Само-собою разумѣется, что несчастный банкрутъ не могъ болѣе держать въ своемъ домѣ слугъ и служанокъ, которыхъ имена появлялись по временамъ на этихъ страницахъ. Всѣ эти достойныя особы были удовлетворены сполна, и Джонъ Седли наградилъ ихъ съ джентльменскою щедростью, которую часто въ его положеніи обнаруживаютъ люди, обремененные только огромными долгами. Имъ было очень жаль покинуть теплыя мѣста; но никто, однакожь, не обнаружилъ отчаянной грусти при разставаньи съ великодушными господами. Горничная Амеліи заплакала немного, йалуя свою барышню въ послѣдній разъ, но скоро успокоилась совершеннѣйшимъ образомъ, когда удалось ей пріискать доброе мѣстечко въ джентльменскомъ кварталѣ англіиской столицы. Чорный Самба, очертя голову, рѣшился завести харчевню, и заведеніе его красуется донынѣ въ одномъ изъ лондонскихъ предмѣстій. Честная старушка, мистриссъ Бленкиншопъ, видѣвшая на Россель-Скверѣ рожденіе Джозефа и Амеліи, и даже присутствовавшая на свадьбѣ Джона Седли и его жены, осталась безъ жалованья при своихъ господахъ, такъ-какъ, съ теченіемъ времени, ей удалось сколотить деньжонокъ на чорный день. Она послѣдовала за несчастными людьми въ ихъ скромное убѣжище, продолжала служить имъ вѣрой и правдой, и ворчала повременамъ на мистриссъ Седли.

Безпрестанныя столкновенія и споры съ кредиторами измучили бѣднаго старика до такой степени, что, въ продолженіе какихъ-нибудь шести недѣль, онъ постарѣлъ гораздо болѣе, чѣмъ прежде въ продолженіе пятнадцати лѣтъ. При этихъ столкновеніяхъ и спорахъ, самымъ неумолимымъ и упорнымъ его оппонентомъ оказался Джонъ Осборнъ, старый его другъ, сосѣдъ и кумъ, – Джонъ Осборнъ, котораго онъ вывелъ въ люди, поставивъ на гладкую дорогу въ коммерческомъ мірѣ, – который былъ ему обязанъ тысячу разъ, и который, наконецъ, помолвилъ своего сына на дочери Седли. Чѣмъ же могутъ быть объяснены враждебныя чувства Джона Осборна?

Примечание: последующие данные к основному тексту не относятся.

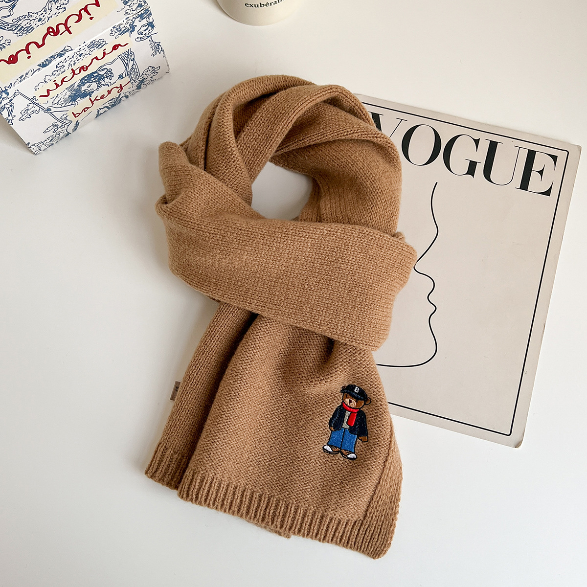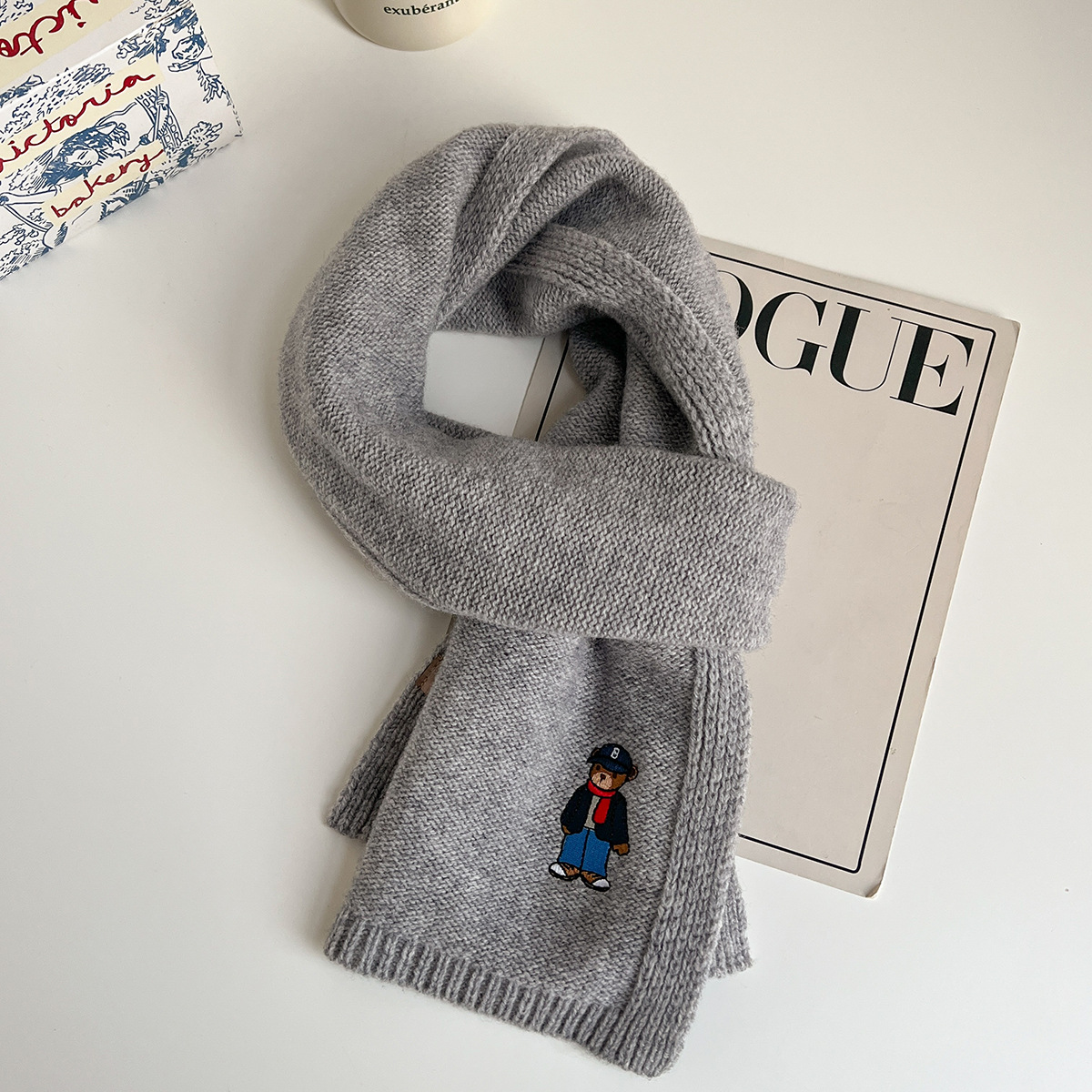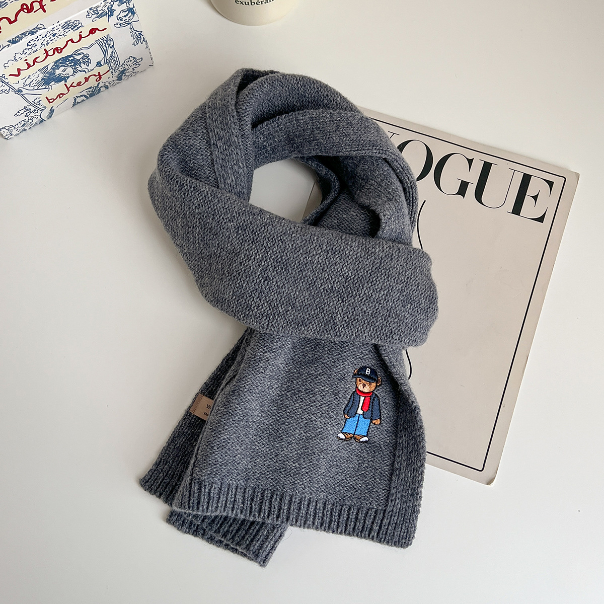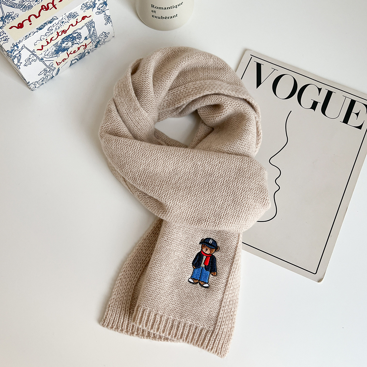 100 순수 양모 스카프 만화 자수 곰 스카프 성인 어린이 두꺼운 가을과 겨울 귀여운 새 스카프스토어 가기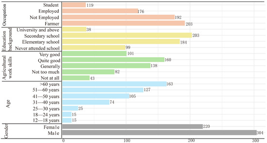 Based on the pre-testing results, each student survey was administered 5–10 min after a field measurement. A total of 600 questionnaires were distributed to the five villages on a random basis, of which 524 were collected from the five sites (125 from Guchengying Village, 96 from Huata Village, 117 from Chiqiao Village, 97 from Beidashi Village, and 89 from Nandashi Village), of which 304 or 58% were from males and 220 or 42% from females. The age distribution was 16–60 years old, and the largest age group was 30–60 years old, comprising more than 58% of the respondents. In terms of occupation, a larger portion of participants were farmers or had regular occupations, accounting for 36.6% and 33.6%, respectively. With respect to education level, secondary school participants dominated, accounting for 38.7% of those surveyed, followed by elementary school (35.1%) and university (7.25%). Proficiency in agricultural work skills was more evenly distributed, with the ‘quite good’ accounting for 30.5% (n = 160) and “average” for 26.3%, as shown in Figure 4.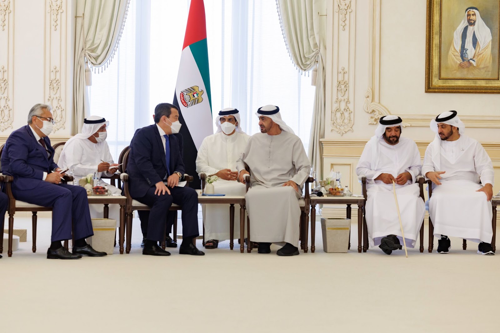 В рамках официального визита в Объединенные Арабские Эмираты во Дворце "Аль-Бахр" состоялась встреча премьер-министра Казахстана Алихана Смаилова и президента ОАЭ шейха Мухаммеда бен Заида Аль Нахаяна, передаёт BaigeNews.kz со ссылкой на сайт премьер-министра.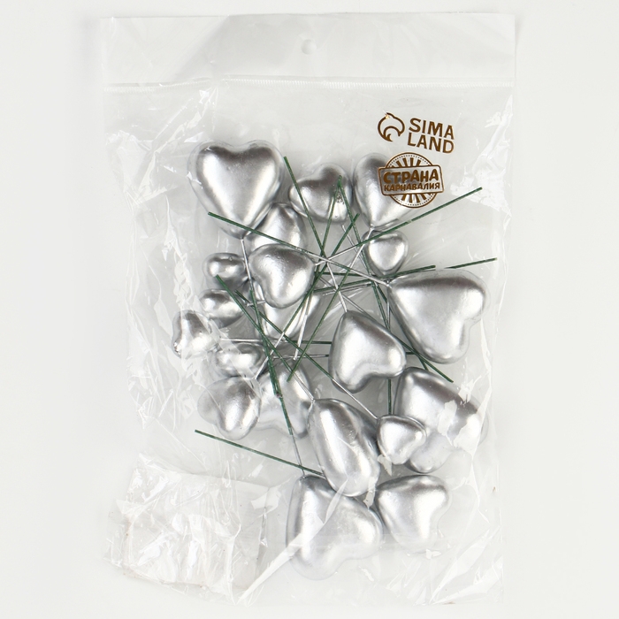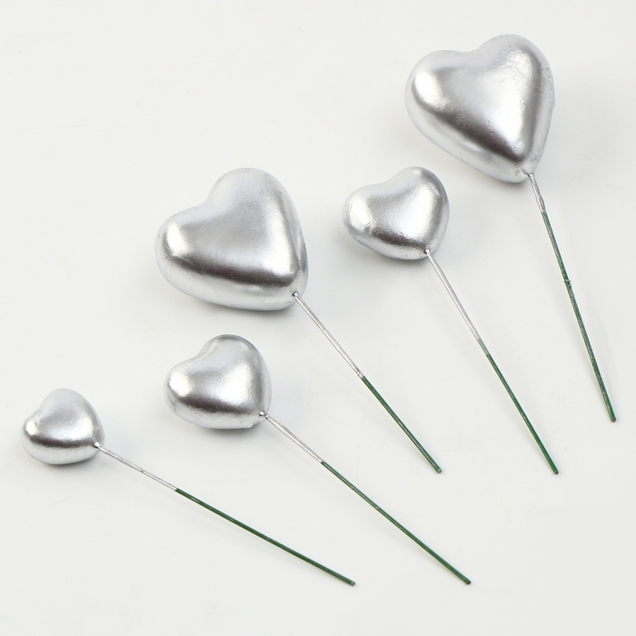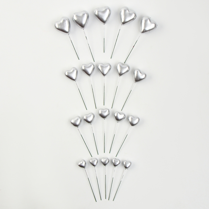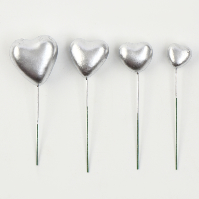 Набор топперов «Сердечки», 12 см, цвет серебро

Если, примѣромъ сказать, два задушевные пріятеля, изъ которыхъ одинъ былъ одолженъ другому сотню тысячь разъ, столкнулись какъ-нибудь между собою на базарѣ житенской суеты и поссорились изъ-за какой-нибудь погремушки, то облагодѣтелъствованный другъ нерѣдко преслѣдуетъ своего благодѣтеля гораздо строже, чѣмъ всякій посторонній врагъ или соперникъ. Въ такихъ случаяхъ, чтобы оправдать свое собственное жестокосердіе и неблагодарность, онъ непремѣнно доказываетъ вину противной стороны. Онъ не эгоистъ, не сердится, что спекуляція не удалась – нѣтъ, совсѣмъ нѣтъ – но его бѣснуетъ собственно то обстоятельство, что товарищъ завлекъ его въ эту спекуляцію съ самыми низкими намѣреніями, которыхъ, разумѣется, онъ отнюдь не подозрѣвалъ въ его чорной душѣ. Такимъ образомъ, задушевный пріятель старается доказать, что несчастный его партнеръ – низкій человѣкъ съ головы до ногъ, иначе, пожалуй, легко подумаютъ, что онъ самъ плутъ первой руки.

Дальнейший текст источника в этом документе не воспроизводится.